Israeli police let an ambulance pass as they block the entrance to Ben Gurion Airport after the country activated its air defenses against a missile launched from Yemen, on May 4, 2025. (Credit: Jack Guez/AFP)
Israeli Prime Minister Benjamin Netanyahu promised on Sunday retaliation against the Houthi rebels from Yemen and Iran, after a missile hit, for the first time, the area of Ben Gurion Airport, near Tel Aviv, where air traffic was briefly suspended.
The attack occurred a few hours before the military officially confirmed the recall of tens of thousands of reservists in order to expand its offensive against the Palestinian Islamist movement Hamas in the Gaza Strip.
The strike at Ben Gurion Airport was claimed by the Houthis, Iran-backed rebels who control large parts of Yemen, over 1,800 kilometers from Israel's southern border. "We targeted Ben Gurion Airport with a hypersonic ballistic missile that successfully reached its target," announced the Houthis, who regularly fire missiles at Israel in defense of the Palestinians in Gaza.

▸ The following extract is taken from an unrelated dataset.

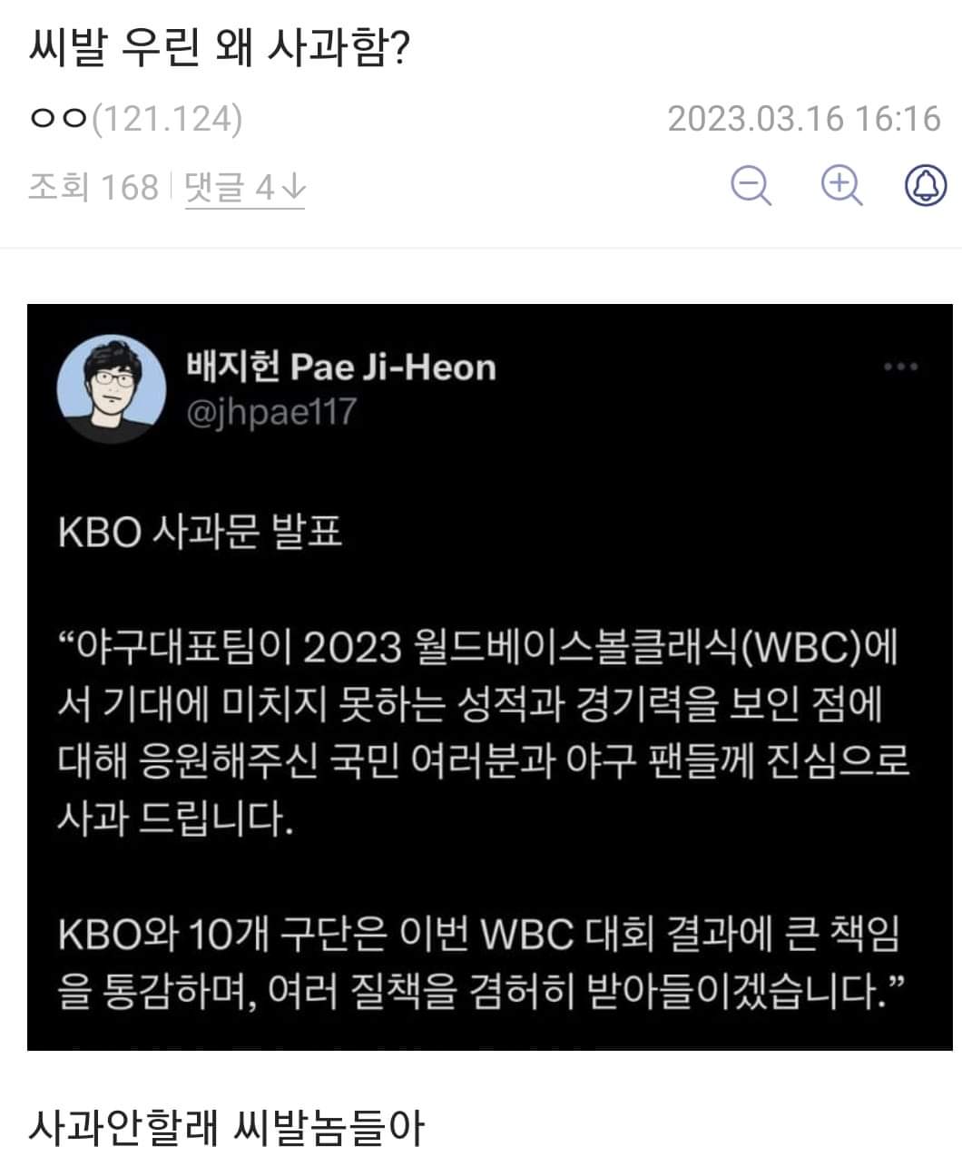 ÁÁµç ½Èµç ÆÒÀÌ ÀÖ¾î¼ ¿ì¸®³ª¶ó ¾ß±¸ ÇÁ·Î¸®±×°¡ ¼º¸³ÇÏ´Â°Å°í ±â´ë ÀÌÇÏÀÇ ¼ºÀûÀ¸·Î ¾öû³ ºñ³À» ¹Þ°í ÀÖÀ¸´Ï »ç°úÇÏ¸é¼ ¿ì¸® ¹Ù²î°Ú´Ù ÇÏ°í ¹ßÇ¥ÇÏ´Â°Ô ±×·¸°Ô ¸· ÀÌ»óÇÏÁø ¾ÊÀº°Å °°Àºµ¥ À̰ŵµ ³» °³ÀÎÀûÀÎ »ý°¢ÀÏ »Ó
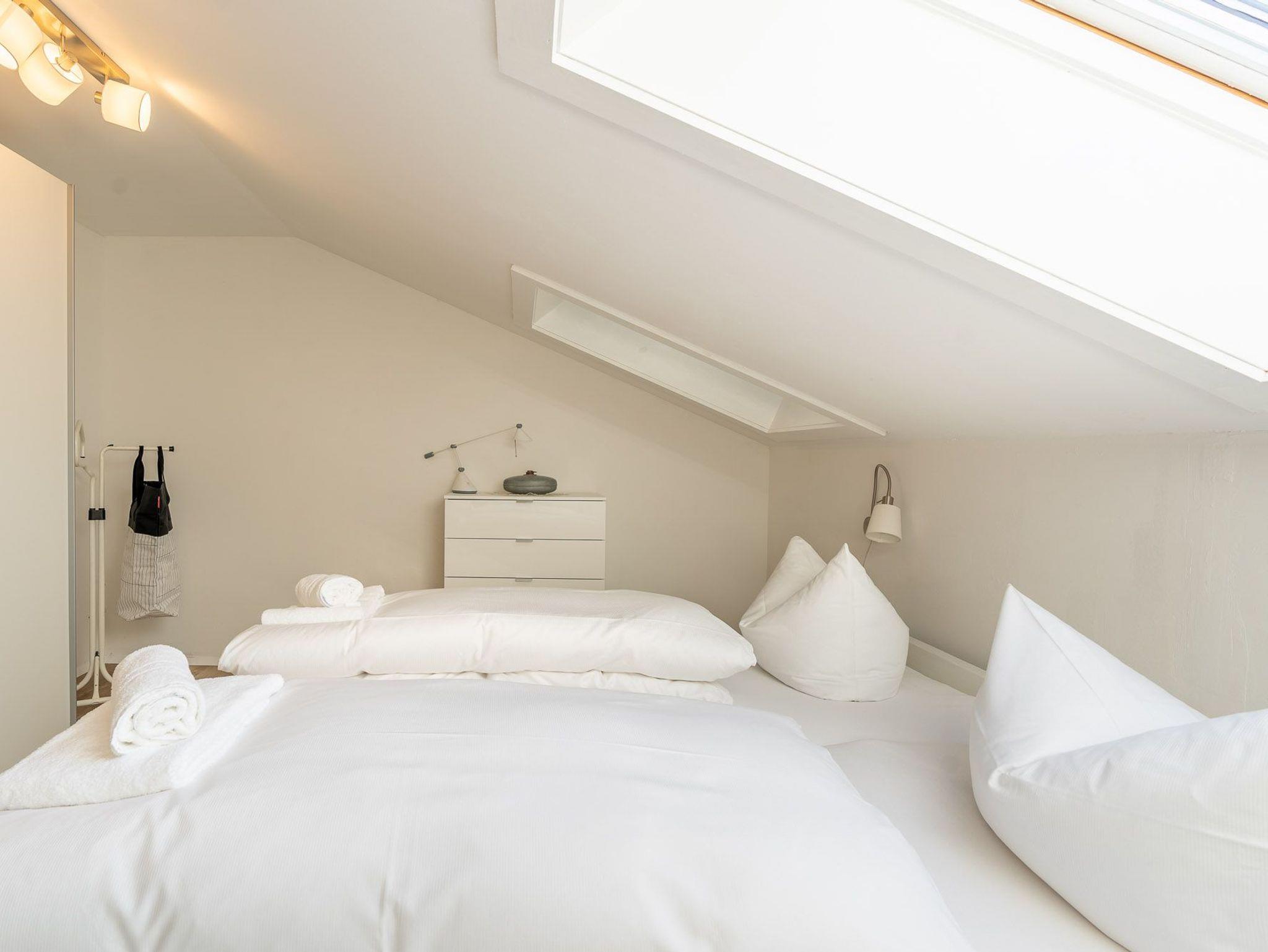 Die Ferienwohnung bietet 1 Schlafzimmer mit Doppelbett sowie 2 Einzelbetten im Wohnbereich ein Wohnzimmer mit Essbereich eine Küche sowie ein Badezimmer mit Duschwanne.

"The Houthi attacks emanate from Iran. Israel will respond to [this] attack by the Houthis ... and in due time and at a place of our choosing, to their Iranian terrorist masters," said Benjamin Netanyahu, who was to chair a security cabinet meeting in the evening.
"We have acted against [the Houthis] in the past and we will act in the future ... it will not happen in a single bang but there will be many bangs," he affirmed.
"It is the first time" a missile strikes directly within the perimeter of the airport, an Israeli military spokesperson told AFP.
'Narrow escape '
The military confirmed that the impact causing a crater just a few 100 meters from the main terminal was caused by the missile fired from Yemen and not by one of the interceptor missiles unsuccessfully fired by Israeli defense systems.
According to an AFP photographer, the missile landed in a wooded area next to an access ramp to Terminal 3 parking lots.
Israeli emergency services reported six minor injuries.
Allies of Hamas, the Houthis have claimed dozens of missile and drone attacks against Israel, including shots in the direction of the airport, since the beginning of the Gaza war. Almost all the shots have been intercepted.
"What happened this morning had not occurred for a long time. Several months ago, we had rockets [fired by Hamas] fall near the airport, but today we had a narrow escape," an Israeli official working for a foreign airline told AFP.
A loud detonation was heard inside Terminal 3, according to an AFP journalist.
Air traffic resumed after a brief interruption and the situation returned to normal in the early afternoon.
Lufthansa and Air India, however, suspended their flights to Tel Aviv until May 6, and British Airways until May 7. Air France canceled its flights for the day on Sunday.
After a two-month suspension, the Houthis resumed their missile firing on Israel and their attacks on ships they deem linked to Israel off the coast of Yemen with the breakdown of the truce in the Gaza Strip on March 18, while the United States has intensified the aerial campaign targeting them since Donald Trump returned to power.
'Defeating Hamas'
According to Israeli media, the security cabinet meeting is also to consider an expansion of the offensive in Gaza, where Israeli strikes killed 16 Palestinians on Sunday, according to emergency services.
The objective is "to bring back our [hostages] and defeat Hamas; we ... will destroy all [its] infrastructures, above and below ground," said Lieutenant General Eyal Zamir, Chief of Staff.
Netanyahu assures that increased military pressure is the only way to force Hamas to release the hostages held in Gaza.
The Oct. 7, 2023, attack resulted in the death of 1,218 people on the Israeli side, the majority civilians, according to an AFP tally based on official figures. Of the 251 people kidnapped that day, 58 are still held in Gaza, of whom 34 have died according to the Israeli military.
The Israeli offensive carried out in retaliation has resulted in at least 52,535 deaths in Gaza, the majority civilians, according to figures from Gaza's Health Ministry, deemed reliable by the U.N.